The look will be a continuation of the main restaurant, with a more rustic style to block noise. The floor will be wood covered with big, Persian-style rugs. Heavy drapes will hang on an exterior wall containing a separate door and windows to muffle sound and create a darker space when needed for such things as audio-visual presentations.
"We're going to make it as multifunctional as we can," Jimenez said.
An opening between the space and the main dining room will be built in the restaurant's back wall, where Cruz's painting now hangs. A heavy wooden door will be installed there. A pre-Columbian statue lit like a shrine will be visible through that doorway. A small service bar and restrooms also may be added, Jimenez said.
Work on the new room is expected to start by June. At the same time, the outdoor patio will be expanded in front of the room and more plants will be added outside. The additions are meant to expand on the restaurant's goal of being a gathering place.

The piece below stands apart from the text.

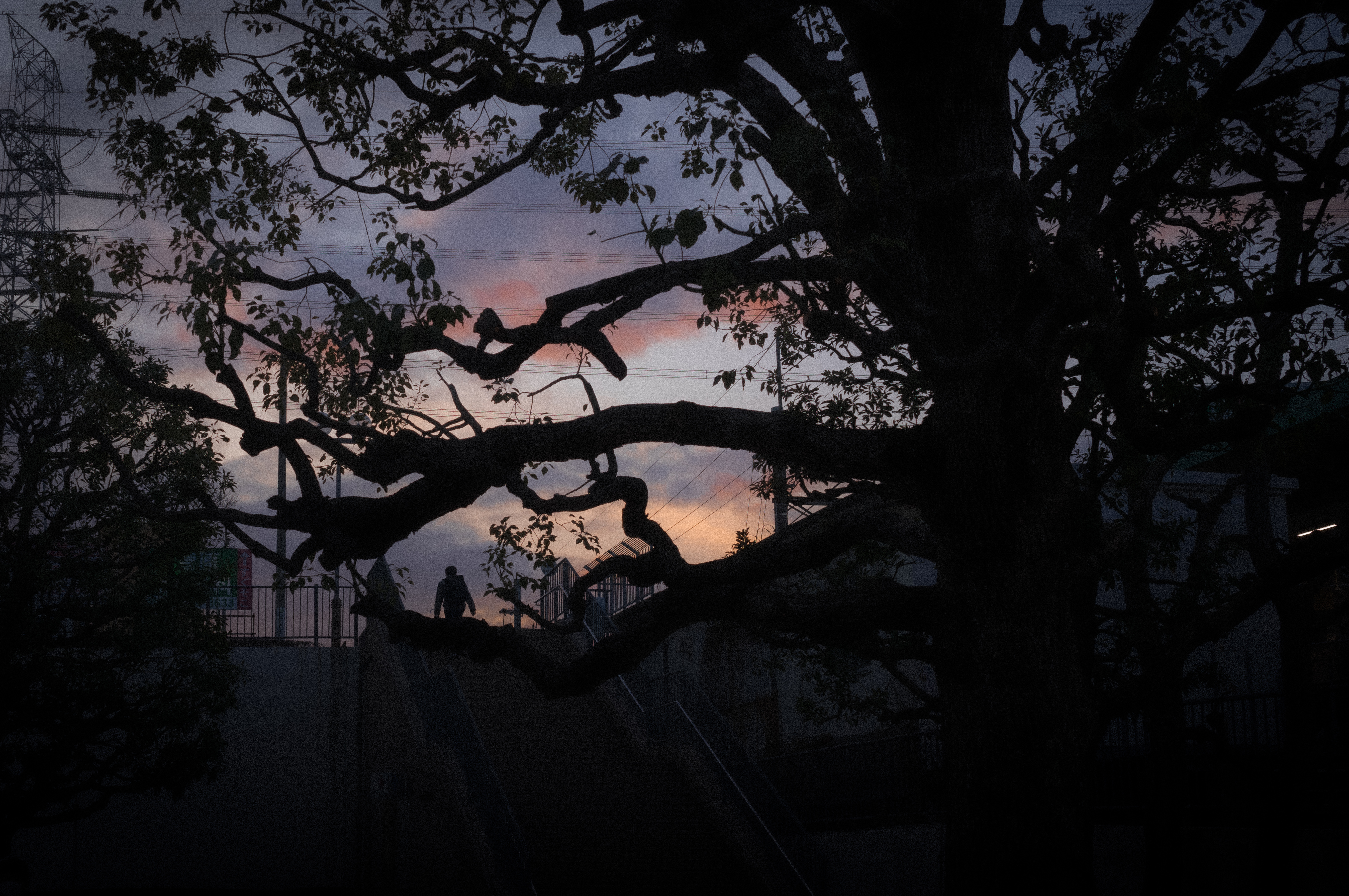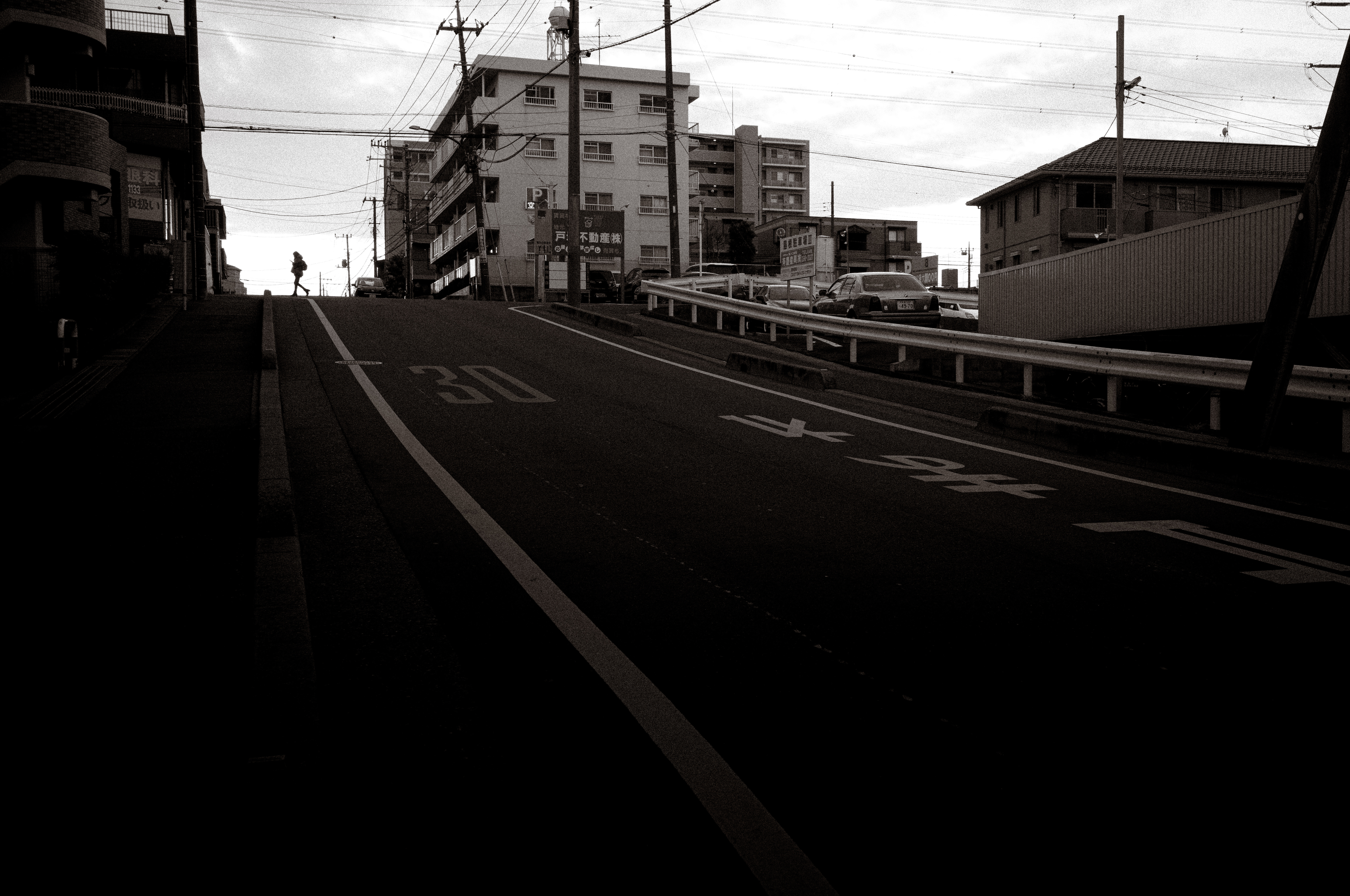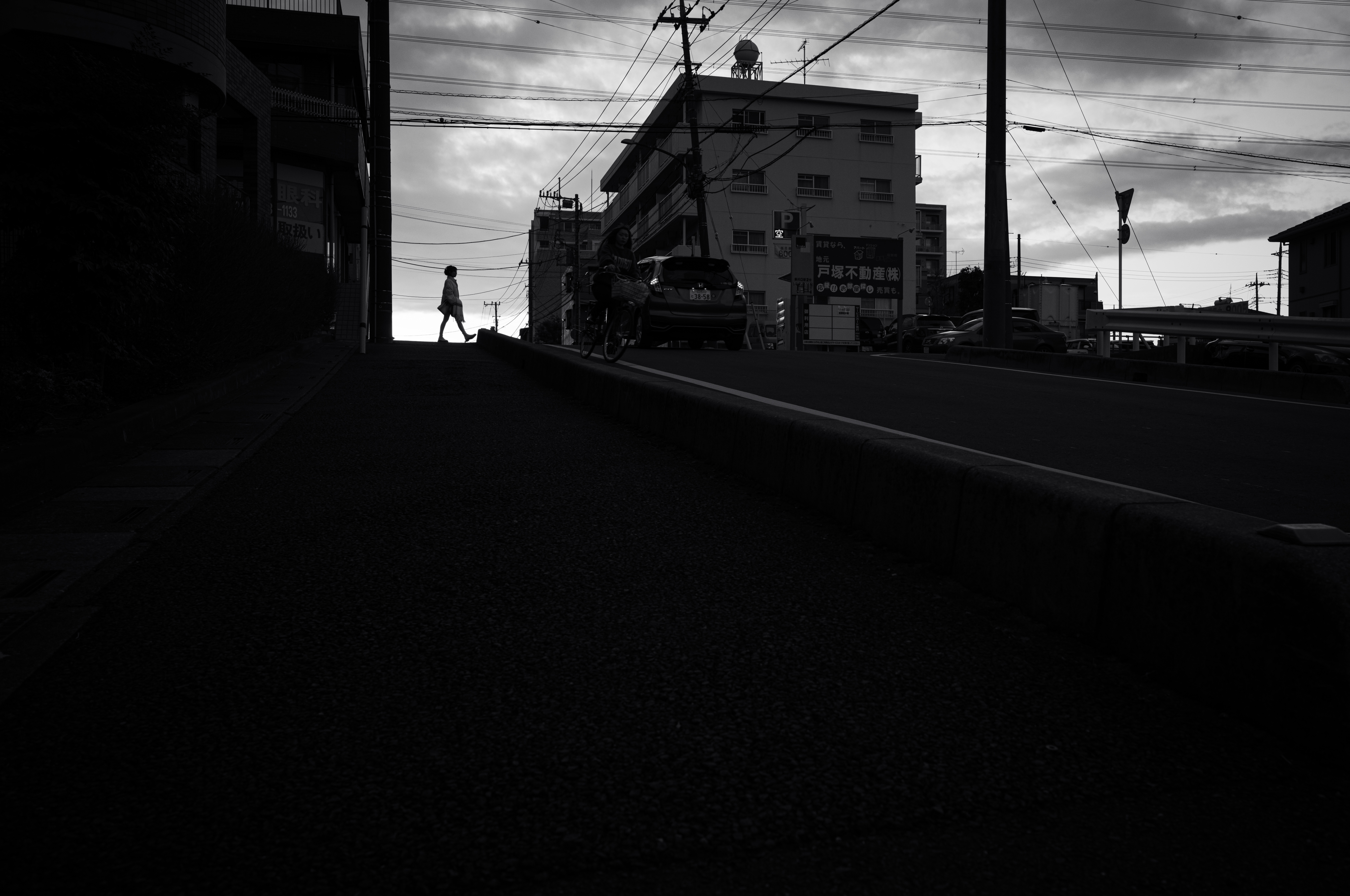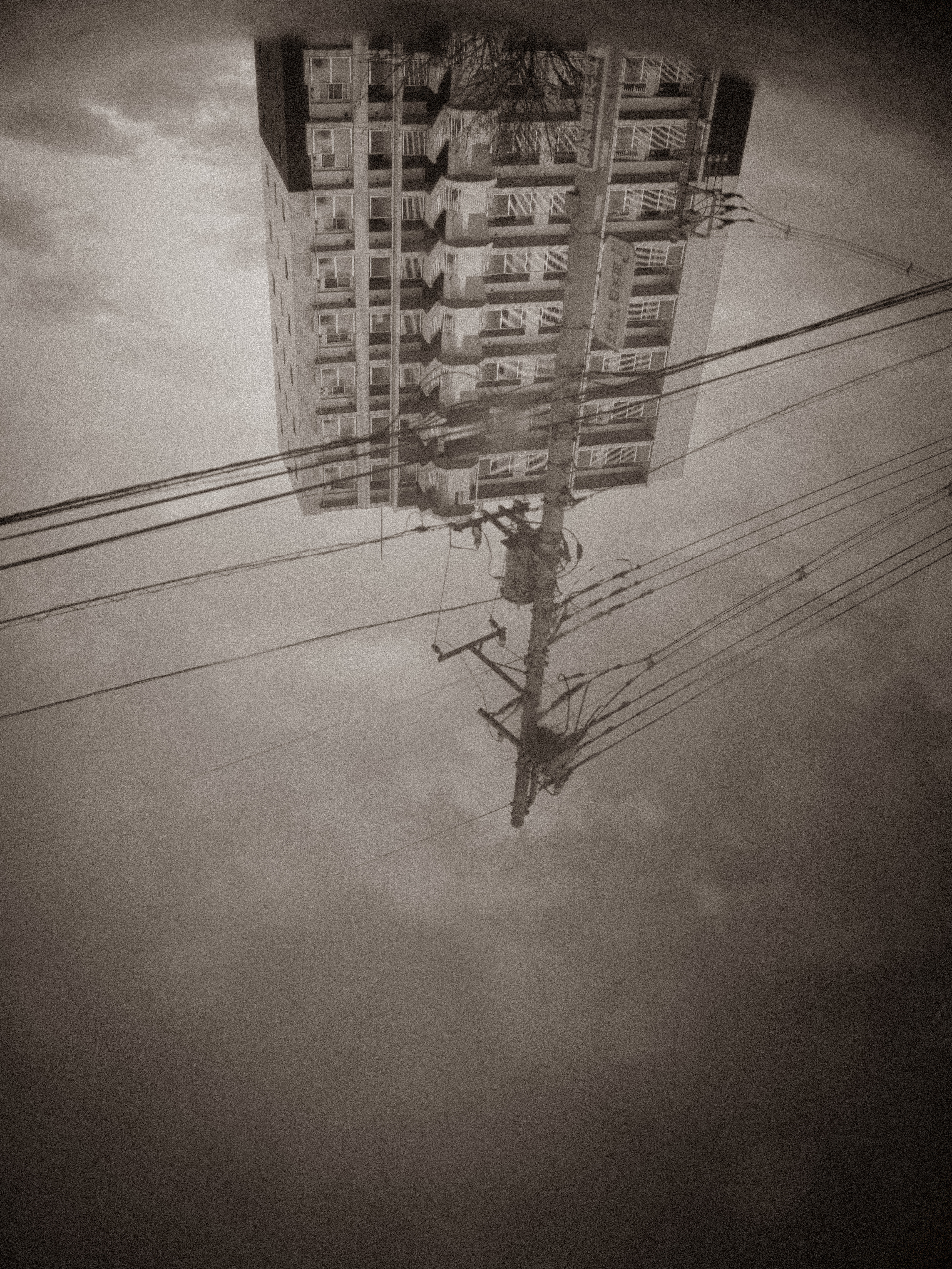 雨上がりの水溜りを覗けば、人工物も優しく淡く映る世界が広がるんだと、モノクロでも少しセピアに寄せて現像しました。現在【人工的な建物】から昔【懐かしい淡い風景画】に戻れたらいいなという想いを感じた瞬間でした。

After all, it's named after Mexico City's famous plaza, known as the Zócalo — one of the world's largest public squares.
Jimenez said he's happy to have found Cruz, who created the unique restaurant Jimenez had been dreaming of.
"There's lots of great art all over Mexico," Jimenez said. "But nothing like this."
Photos by Ernesto Jimenez and Suzanne Hurt. Restaurant scene photo provided by Jimenez.
Whatever you think of Jiminez's food or politics, or Sacramento restaurant zoning for that matter, you gotta admit this is a pretty interesting article about a restaraunt owner going the extra mile. He could have bought his decor from Chipotle's supplier, and that corner would be just another faceless stucco box.
You know its pretty bad situation when cogmeyer is calling you all out for being too negative!